Let us look at the advantages of spend analysis:

  • Supports Benchmarking: This analysis helps businesses get a clear idea of their costs. Additionally, this allows them to compare their performance with their peers to determine what they must improve.
  • Better Forecasting: Spend analysis offers baseline data that allows businesses to project future expenditures more accurately. Moreover, the data helps organizations prepare better plans for the long term.
  • Lowers Cost Of Procurement: It helps spot the areas for process improvement and cost reduction, allowing businesses to minimize the expenses associated with procuring goods.
  • Increases Efficiency: The knowledge acquired from the analysis of spend data enables the procurement groups to become more efficient and productive.
  • Minimizes Maverick Spending: This analysis can highlight the cases where employees purchase from unapproved suppliers. In many cases, maverick spending increases costs as negotiated contract pricing does not form the basis of such purchases.

Lastly, spend analysis improves supplier relationships, which allows companies to benefit from favorable payment terms and volume discounts.

Frequently Asked Questions (FAQs)

What is Ariba spend analysis?

Ariba Spend Analysis categorizes and enriches an organization’s spend data using market intelligence. It offers advanced analytics to help businesses comprehend their spend by purchaser, part, supplier, and category to deliver strategic value and drive savings.

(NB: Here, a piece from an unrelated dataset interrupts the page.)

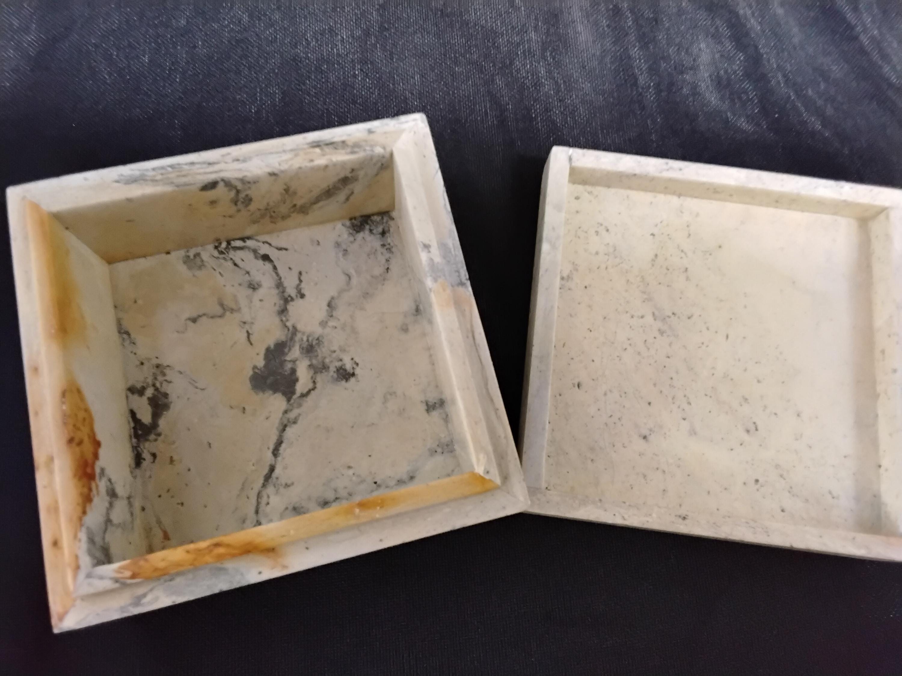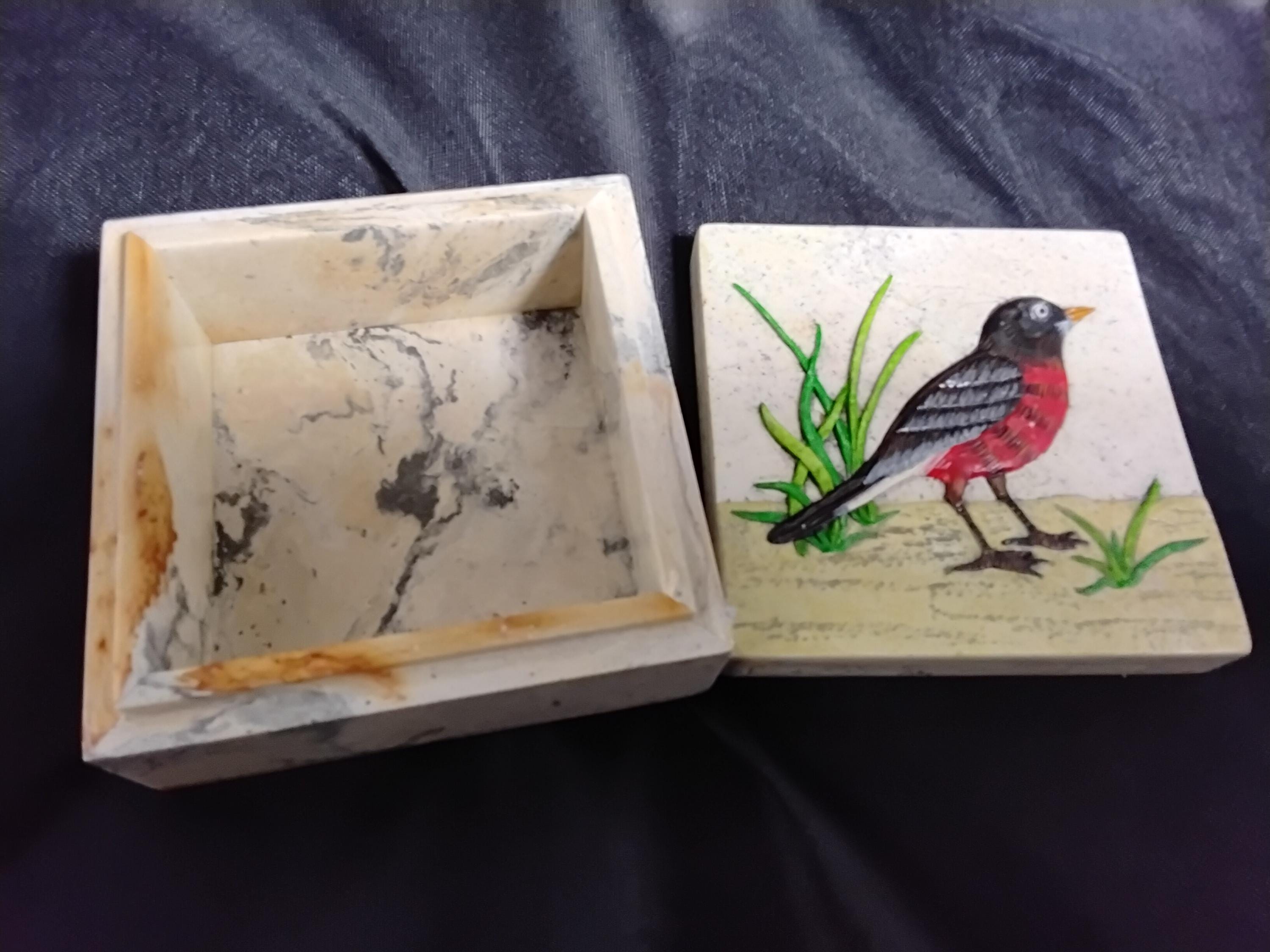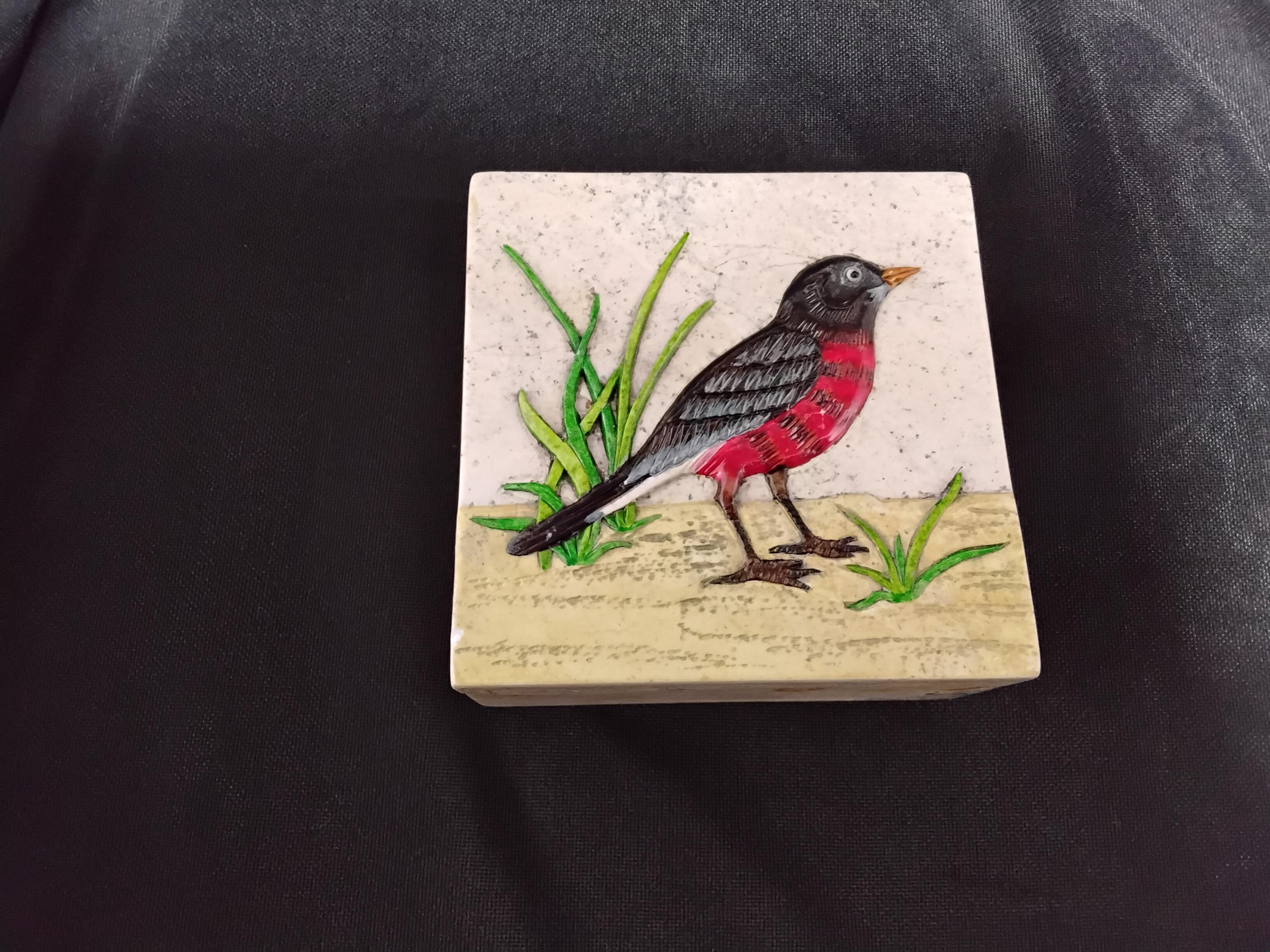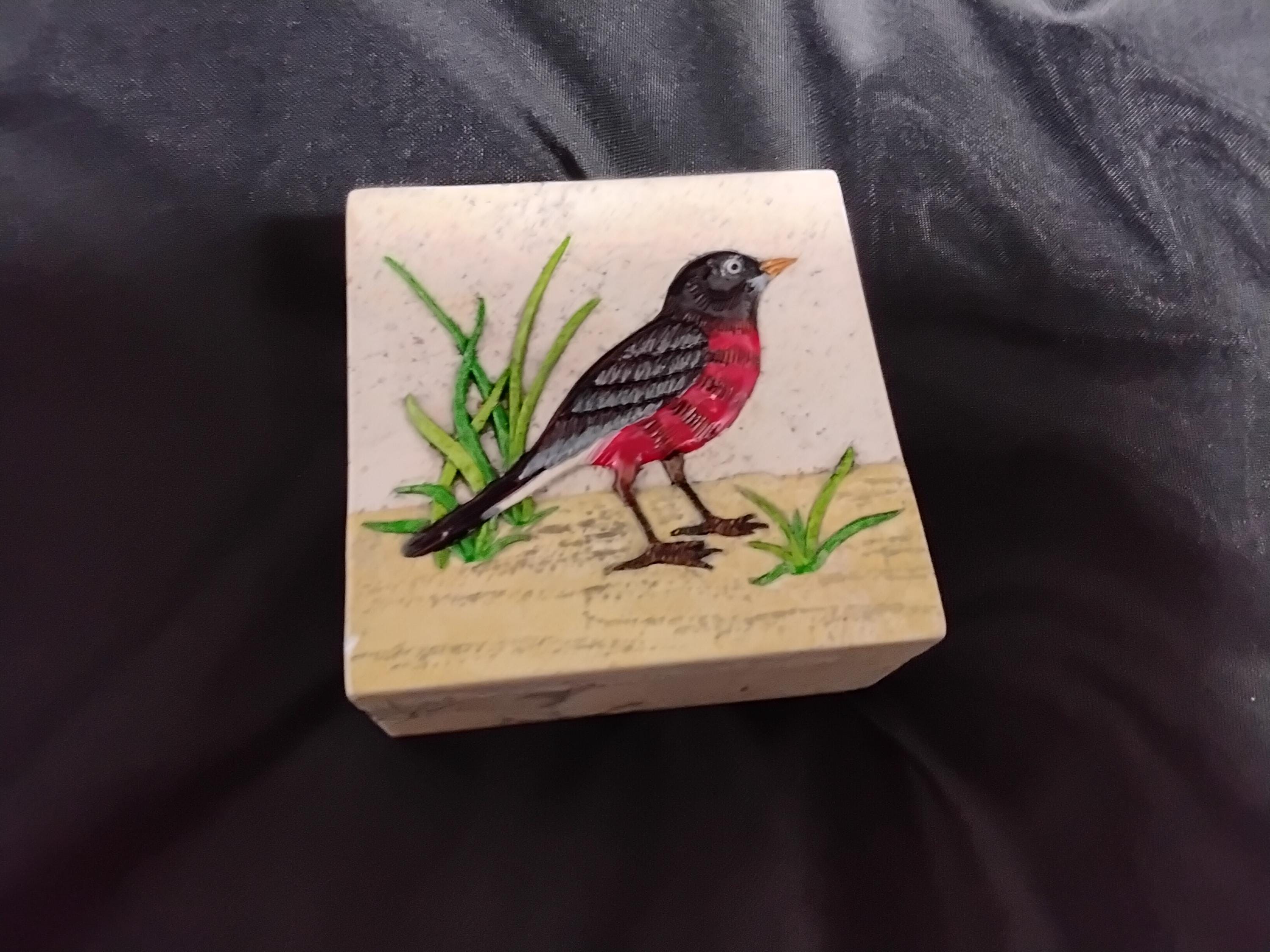 Unique and collectable Stone trinket/jewelry box is vintage 80's. Beautiful carved red robin is a raised design. Hand made in Vietnam and hand painted. This box stands out in any decor. Beautifully done and in great condition, no chips or cracks. Measures 4" long, 4" wide and 2" tall. A bit of weight to it. 1lb 10oz. A unique collectable that, I think, will stand out from the rest.

What is the conclusion of spend analysis?

If companies conduct this type of analysis efficiently, it can improve savings and better spend visibility. In addition, an organization’s procurement team can utilize this tool to engage with its shareholders in a fact or data-based fashion.

What are the challenges of spend analysis?

The process has its limitations. The conventional approach to cleansing the spend data for errors is time-consuming and can lead to inconsistencies. Moreover, manual data may contain inconsistencies, currency variations, and typos, which could mislead procurement teams into making wrong decisions.

Why is spend analysis important?

It offers insight into a company’s expenditures and procurement activities, revealing opportunities to reduce the cost of procuring goods and services.